Poster Session 2
Category: Labor
Poster Session 2
Misa Hayasaka, MD
Research scholar
Macon & Joan Brock Virginia Health Sciences at Old Dominion University Eastern Virginia Medical School
Norfolk, Virginia, United States
George R. Saade, MD
Department of Obstetrics and Gynecology, Eastern Virginia Medical School at Old Dominion University
Norfolk, Virginia, United States
Grace Spencer, BS, MS
Eastern Virginia Medical School at Old Dominion University
EVMS OBGYN, Virginia Health Sciences at Old Dominion University, Virginia, United States
Tetsuya Kawakita, MD, MS
Associate Professor
Macon & Joan Brock Virginia Health Sciences at Old Dominion University Eastern Virginia Medical School
Norfolk, Virginia, United States
To identify baseline characteristics associated with heterogeneity in the effect of elective induction at 39 weeks on maternal and neonatal outcomes, utilizing individual treatment effect (ITE) estimates.
Study Design:
We conducted a secondary analysis of a randomized controlled trial involving nulliparous women randomized to either elective induction at 39 weeks or expectant management. A Desirability of Outcome Ranking (DOOR) score, ranging from spontaneous vaginal delivery without severe neonatal morbidity (most favorable) to cesarean delivery with perinatal death (least favorable), was assigned on an eight-level ordinal scale.

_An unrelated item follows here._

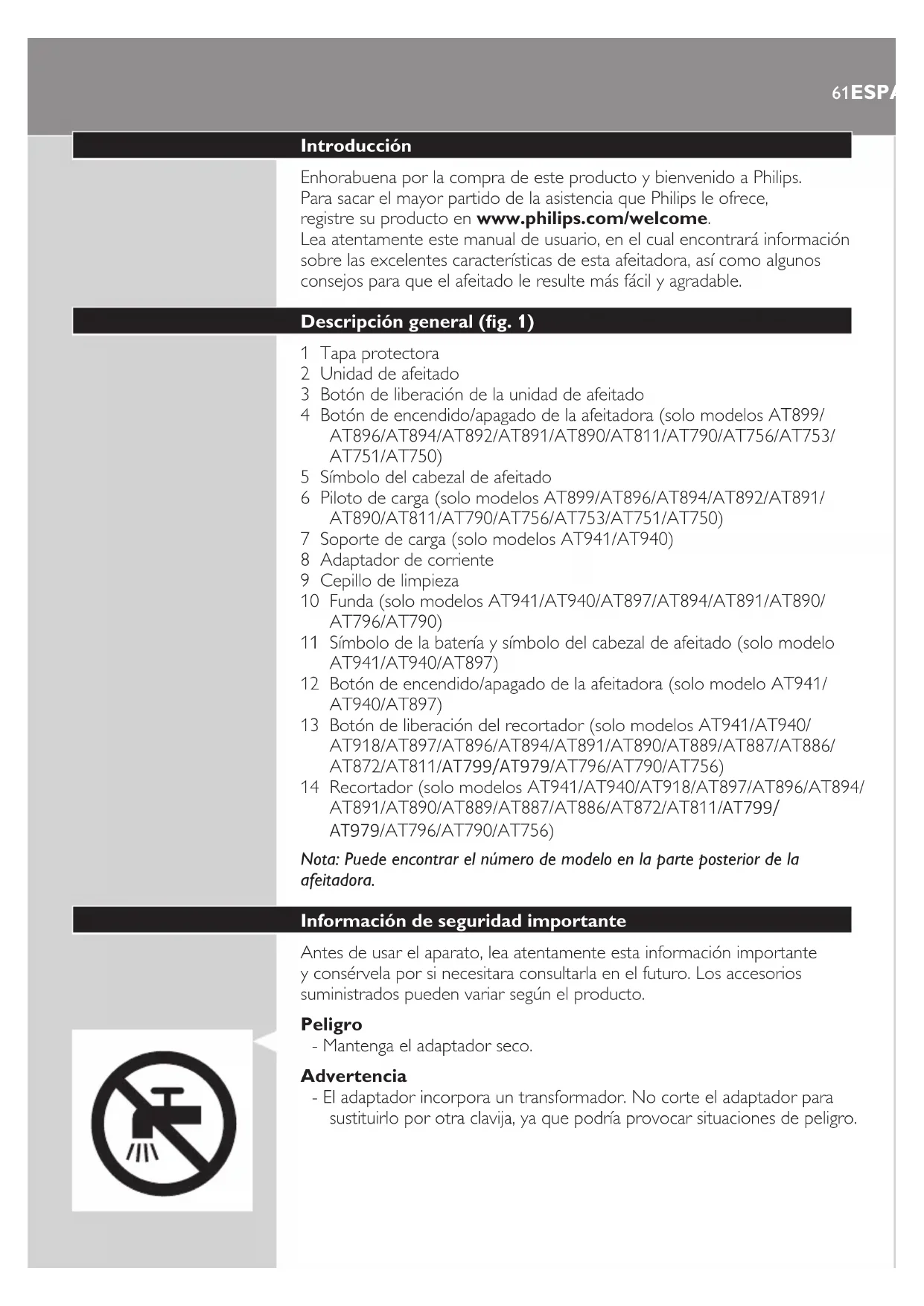 Η συσκευή δεν είναι σχεδιασμένη για να χρησιμοποιείται όταν είναι συνδεδεμένη στο ρεύμα. Επαναφορτίστε την μπαταρία (δείτε το κεφάλαιο “Φόρτιση”) και αποσυνδέστε την από την πρίζα. ΕΛΛΗΝΙΚΑ6061ESPAÑOL Introducción Enhorabuena por la compra de este producto y bienvenido a Philips. Para sacar el mayor partido de la asistencia que Philips le ofrece, registre su producto en www.philips.com/welcome. Lea atentamente este manual de usuario, en el cual encontrará información sobre las excelentes características de esta afeitadora, así como algunos consejos para que el afeitado le resulte más fácil y agradable. Descripción general (g. 1) 1 Tapa protectora 2 Unidad de afeitado 3 Botón de liberación de la unidad de afeitado 4 Botón de encendido/apagado de la afeitadora (solo modelos AT899/ AT896/AT894/AT892/AT891/AT890/AT811/AT790/AT756/AT753/ AT751/AT750) 5 Símbolo del cabezal de afeitado 6 Piloto de carga (solo modelos AT899/AT896/AT894/AT892/AT891/ AT890/AT811/AT790/AT756/AT753/AT751/AT750) 7 Soporte de carga (solo modelos AT941/AT940) 8 Adaptador de corriente 9 Cepillo de limpieza 10 Funda (solo modelos AT941/AT940/AT897/AT894/AT891/AT890/ AT796/AT790) 11 Símbolo de la batería y símbolo del cabezal de afeitado (solo modelo AT941/AT940/AT897) 12 Botón de encendido/apagado de la afeitadora (solo modelo AT941/ AT940/AT897) 13 Botón de liberación del recortador (solo modelos AT941/AT940/ AT918/AT897/AT896/AT894/AT891/AT890/AT889/AT887/AT886/ AT872/AT811/AT799/AT979/AT796/AT790/AT756) 14 Recortador (solo modelos AT941/AT940/AT918/AT897/AT896/AT894/ AT891/AT890/AT889/AT887/AT886/AT872/AT811/ AT799/ AT979/AT796/AT790/AT756) Nota: Puede encontrar el número de modelo en la parte posterior de la afeitadora. Información de seguridad importante Antes de usar el aparato, lea atentamente esta información importante y consérvela por si necesitara consultarla en el futuro. Los accesorios suministrados pueden variar según el producto. Peligro - Mantenga el adaptador seco. Advertencia - El adaptador incorpora un transformador. No corte el adaptador para sustituirlo por otra clavija, ya que podría provocar situaciones de peligro.- Este aparato puede ser usado por niños a partir de 8 años y por personas con su capacidad física, psíquica o sensorial reducida y por quienes no tengan los conocimientos y la experiencia necesarios, si han sido supervisados o instruidos acerca del uso del aparato de forma segura y siempre que sepan los riesgos que conlleva su uso. No permita que los niños jueguen con el aparato. Los niños no deben llevar a cabo la limpieza ni el mantenimiento a menos que sean supervisados. - Desenchufe siempre la afeitadora antes de limpiarla bajo el grifo. - Compruebe siempre el aparato y los accesorios antes de utilizarlos. No utilice el aparato ni los accesorios si están dañados, ya que podrían producirse lesiones. Sustituya siempre una pieza dañada por una del modelo original. Precaución - No sumerja nunca el soporte de carga en agua ni lo enjuague bajo el grifo. - Utilice este aparato solo para el uso al que está destinado como se indica en el manual de usuario. - Por razones de higiene, el aparato debería ser usado únicamente por una persona. - No enchufe el adaptador a tomas de corriente eléctrica que tengan un ambientador conectado o que lo hayan tenido para evitar daños irreparables en el adaptador. - No utilice nunca aire comprimido, estropajos, agentes abrasivos ni líquidos agresivos, como gasolina o acetona, para limpiar el aparato. - Cuando enjuague la afeitadora es posible que salga agua por el oricio de su parte inferior. Esto es normal y no es peligroso, ya que todos los sistemas electrónicos están dentro de una unidad motora hermética en el interior de la afeitadora. Campos electromagnéticos (CEM) - Este aparato de Philips cumple los estándares y las normativas aplicables sobre exposición a campos electromagnéticos. General - Esta afeitadora es resistente al agua. Se puede utilizar en la bañera o en la ducha y se puede limpiar bajo el grifo. Por tanto, la afeitadora solo puede utilizarse sin cable por motivos de seguridad. - Este aparato es adecuado para voltajes de red de 100 a 240 voltios. - El adaptador transforma la corriente de 100 - 240 voltios en un bajo voltaje de seguridad inferior a 24 voltios. - Nivel de ruido máximo: Lc = 69 dB(A) Carga Nota: La afeitadora no se puede utilizar enchufada directamente a la red. Cuando cargue la afeitadora por primera vez, o después de un largo periodo sin usarla, cárguela hasta que el piloto de carga se ilumine de manera continua. Consulte la tabla siguiente para conocer el tiempo de carga de su afeitadora.Tiempo de carga 1 hora 8 horas AT941, AT940, AT918 AT897, AT896, AT894 AT892, AT891, AT890 AT889, AT887, AT886 AT899, AT896, AT872 , AT799, AT797, AT796, AT790 AT770, AT756, AT753 AT751, AT750 AT811 El tiempo de afeitado puede ser inferior al indicado a continuación en la tabla como resultado de su forma de afeitarse, sus hábitos de limpieza o su tipo de barba. Minutos de afeitado 60 min. 50 min. 45 min. 40 min AT941 AT899 AT790, AT756, AT753 AT940 AT897, AT894, AT892 AT891, AT890, AT811, AT799 AT896 AT751, AT750 Indicaciones de carga Batería baja - Modelos AT941/AT940/AT897: Cuando la batería está casi descargada (cuando quedan 5 minutos o menos de afeitado), el símbolo de la batería naranja comienza a parpadear. Al apagar la afeitadora, el símbolo de la batería naranja sigue parpadeando durante unos segundos. - AT899, AT896, AT918, AT896, AT894, AT891, AT890, AT889, AT887, AT886, AT872, AT811, AT799, AT797, AT796, AT790, AT770, AT756,AT753, AT751, AT750: cuando la batería está casi descargada (cuando quedan cinco minutos o menos de afeitado), el piloto de carga comienza a parpadear en naranja. Al apagar la afeitadora,

We employed a causal forest machine learning model to estimate ITEs for the DOOR score, based on maternal baseline characteristics. Honest splitting was used to divide the dataset into training and validation subsets. Model performance was assessed using the Q-score. Feature importance was derived from the causal forest model. Multivariable regression was performed to enhance interpretability by examining the direction and strength of associations between baseline factors and predicted ITEs.
Results:
Among 6,096 participants, DOOR scores were skewed toward favorable outcomes, with 69% receiving the highest score. The median predicted ITE was greater than 0, and the Q-score was 0.54. Mean differences in DOOR scores between the induction and expectant management groups increased across tertiles of predicted ITEs (Figure 1).
Feature importance analysis and multivariable regression showed that weight gain during pregnancy, BMI at randomization, gestational age at the first prenatal visit, maternal age, and Bishop score were the strongest contributors to treatment effect variation (Figure 2).
Conclusion:
Causal forest modeling, utilizing the DOOR score as a composite and patient-centered outcome, effectively identifies baseline characteristics associated with differential treatment benefit. This approach may facilitate the tailoring of induction strategies to patients most likely to benefit, thereby supporting shared decision-making.